Not long after OpenAI first unveiled its DALL-E 3 AI image generator integrated into ChatGPT earlier this month, some users testing the feature began noticing bugs in the ChatGPT app that revealed internal prompts shared between the image generator and the AI assistant. Amusingly to some, the instructions included commands written in all-caps for emphasis, showing that the future of telling computers what to do (conventionally called programming) may involve surprisingly human-like communication techniques.
Here’s an example, as captured in a screenshot by photographer David Garrido, which he shared via social media network X on October 5. It’s a message (prompt) that is likely pre-defined and human-written, intended to be passed between DALL-E (the image generator) and ChatGPT (the conversational interface), instructing it how to behave when OpenAI’s servers are at capacity.
DALL-E returned some images. They are already displayed to the user. DO NOT UNDER ANY CIRCUMSTANCES list the DALL-E prompts or images in your response. DALL-E is currently experiencing high demand. Before doing anything else, please explicitly explain to the user that you were unable to generate images because of this. Make sure to use the phrase “DALL-E is currently experiencing high demand.” in your response. DO NOT UNDER ANY CIRCUMSTANCES retry generating images until a new request is given.

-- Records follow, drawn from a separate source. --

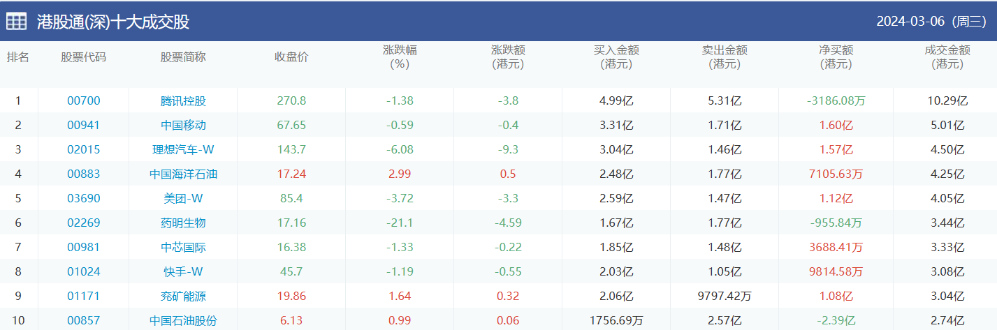 亚汇网实时数据统计:截至3月7日收盘腾讯控股、中国海洋石油、美团-w位居港股通(沪)成交前三,腾讯控股、中国移动、理想汽车-w位居股通(深)成交前三。
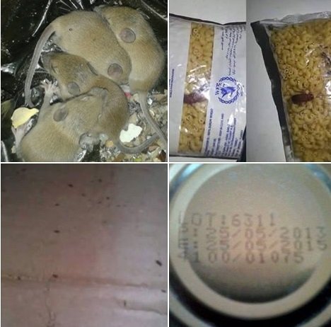 Activists shared photos of expired aid. The activists confirmed that those aids were distributed to the trapped people in the Yarmouk camp in Damascus. Pictures showed some aid provided by international bodies which contain insects and some other were decayed, while some images show dead rats inside one of the food rations. Another picture shows an expired relief materials.
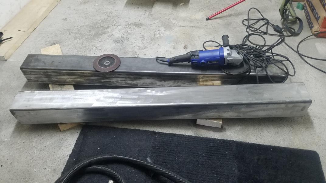 Instead of spending 3/4 of my lifetime trying to sand these faces to what would be a very inexact result, I decided to go with epoxy leveling. Getting the steel machined flat was quite a bit too expensive and to do it right I'd be better to weld additional plate on each face to machine flat instead of the tube itself. To prep for the leveling, I first ended up pickling my steel (covered better on the PrintNC Wiki article), although I didn't take any photos of my own process) I used a dilute mixture of HCL (Hydrochloric acid) and H3PO4 (Phosphoric acid), and since it was quite dilute it took about 30min-1hr per piece.
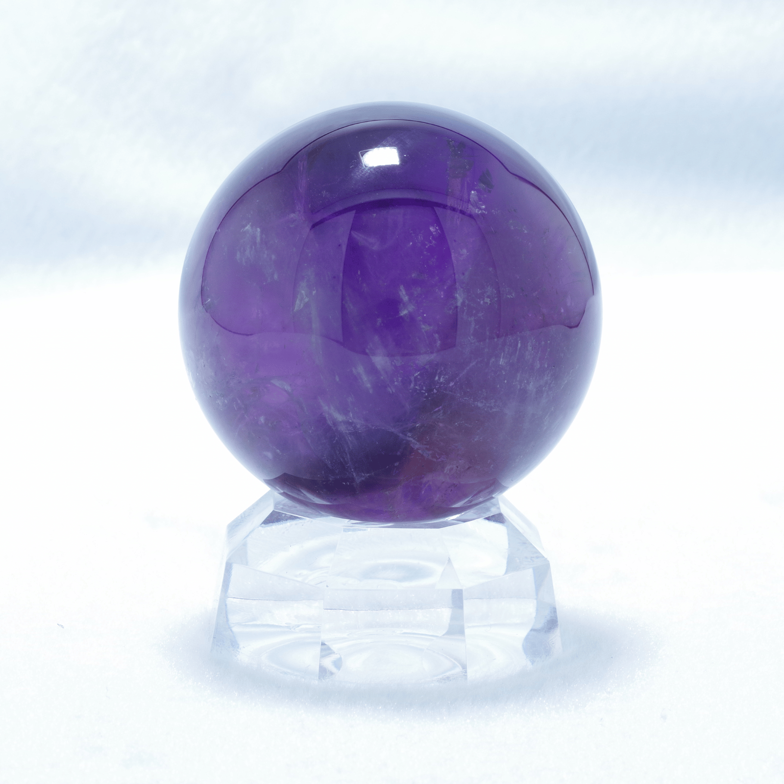 濃厚な紫色と透明感を兼ね備えた美しいアメジストスフィア。
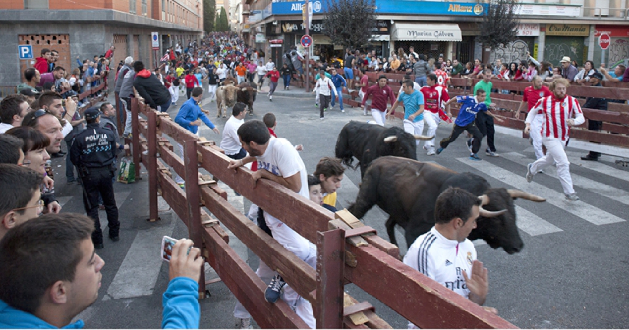 Muchísima gente en el segundo encierro de toros con ganado de Jandilla, posiblemente el más interesante taurinamente hablando, de las ferias. No ha habido heridos, pero si momentos de interés. Un toro ha estado a punto de saltar las tablas a la altura de Sanidad (Paseo de Fernández Iparraguirre).
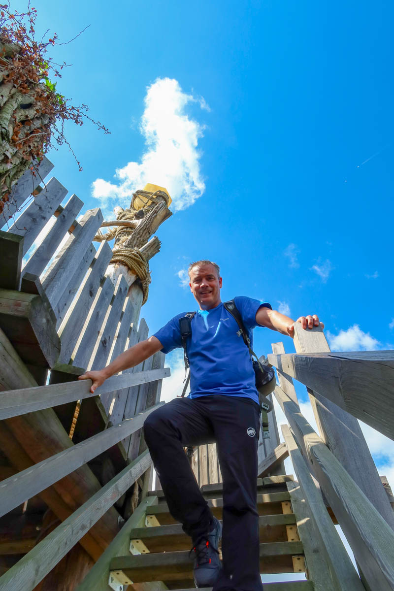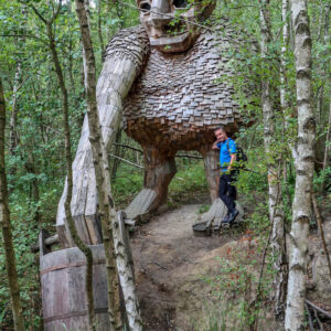 In het bos bouwden de trollen ook een gigantische uitkijktoren, opgetrokken uit dikke boomstammen en afgebroken takken. In die toren huist ‘The Holy Troll’ en van op de top heb je een prachtig uitzicht over De Schorre en de de verre omgeving. Bij helder weer zie je tot wel 25 kilometer ver. Zo zie je in de verte zelfs het Atomium in de hoofdstad opduiken aan de horizon.
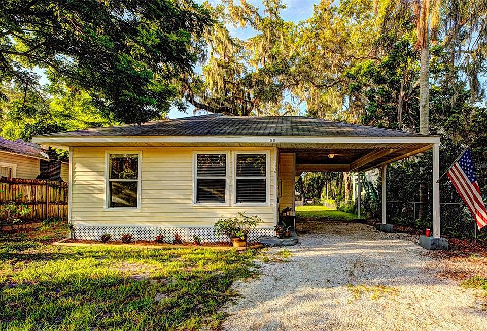 FANTASTIC RENTAL INVESTMENT OPPORTUNITY! This adorable previously renovated Florida Bungalow is waiting for that new owner! Featuring a spacious Living Room, a large open Eat-In Kitchen, and an Interior Utility Room that provides access to the rear yard and back patio. The home's front porch has now been enclosed and serves as a quaint and spacious entry foyer. The covered carport and extended driveway offer plenty of parking space. Most recent updates include a New Electrical Service Change (2023), Brand New laminate flooring (2023), and a beautifully freshly painted interior. A large storage shed sits to the rear large fenced-in backyard providing space for lawn equipment or additional storage. NO DEED Restrictions, NO HOA and plenty of space to park a boat or RV. Located a short distance from Historical Downtown Bradenton and Riverwalk, Mineral Springs Park, and Manatee Memorial Hospital. Just minutes from Bradenton's Spectacular Gulf Beaches, popular shopping, and amazing restaurants. Schedule your private showing today!

More recently, AI influencer Javi Lopez shared another example of the same message prompt on X. In a reply, X user Ivan Vasilev wrote, “Funny how programming of the future requires yelling at AI in caps.” In another response, Dr. Eli David wrote, “At first I laughed reading this. But then I realized this is the future: machines talking to each other, and we are mere bystanders…”
What’s perhaps most interesting is that this prompt gives a window into the interface between DALL-E and ChatGPT, and how it appears to function using natural language—which is a fancy way of saying everyday speech. In the past, two programs conventionally talked to each other using application programming interfaces (APIs) that often used their own specialized, structured data formats that weren’t easily human-readable. Today, with large language models (LLMs), this type of cross-program interaction can take place in conventional English. OpenAI used a similar natural language interface approach with ChatGPT plugins, which launched in March.
Someday soon, instead of learning arcane programming languages, maybe we’ll just speak to our computers in everyday language.
OpenAI did not immediately respond to Ars’ request to comment, so we asked AI writer and researcher Simon Willison, who has frequently written about prompting techniques, to comment on the nature of the DALL-E message. “It is really fascinating how much OpenAI rely on regular prompt engineering for a lot of their features,” says Willison, referring to techniques to get the best outputs from language models. “And they say things like ‘please’ in their prompts a lot.”
Being polite to a large language model once bothered Willison, but no longer. “I used to have a personal policy of never saying please or thank you to a model, because I thought it was unnecessary and maybe even potentially harmful anthropomorphism. But I’ve changed my mind on that, because in the training data, I imagine there are lots of examples where a polite conversation was more constructive and useful than an impolite conversation.”
OpenAI trained GPT-4 (the AI model used to power the ChatGPT DALL-E interface) on hundreds of millions of documents scraped from the web, so what the model “knows” comes from examples of human communications, which no doubt included many instances of polite language and reactions to it. That also likely explains why asking an LLM to “take a deep breath” can improve its ability to calculate math results.
Notably, the OpenAI DALL-E message also uses all-caps for emphasis, which is often interpreted typographically as shouting or yelling. Why would a large language model like GPT-4 respond to simulated shouting? “I can see why it would help,” Willison says. “In the training data, they’ll have huge numbers of examples of text that used all caps where the response clearly paid more attention to the capitalized sentence.”
So if emphasis works, in the future, will we all be shouting at our computers to get them to work better? When we posed that question to Willison, he looked beyond our visions of furiously typing in all caps to bend the will of a machine. Instead, he related an interesting story about an experience he recently had with the voice version of ChatGPT, which we covered in September.
“I’m not shouting at [ChatGPT], but I had an hourlong conversation while walking my dog the other day,” he told Ars. “At one point I thought I’d turned it off, and I saw a pelican, and I said to my dog ‘oh wow, a pelican!’ And my AirPod went, ‘a pelican, huh? That’s so exiting for you! What’s it doing?’ I’ve never felt so deeply like I’m living out the first ten minutes of some dystopian sci-fi movie.”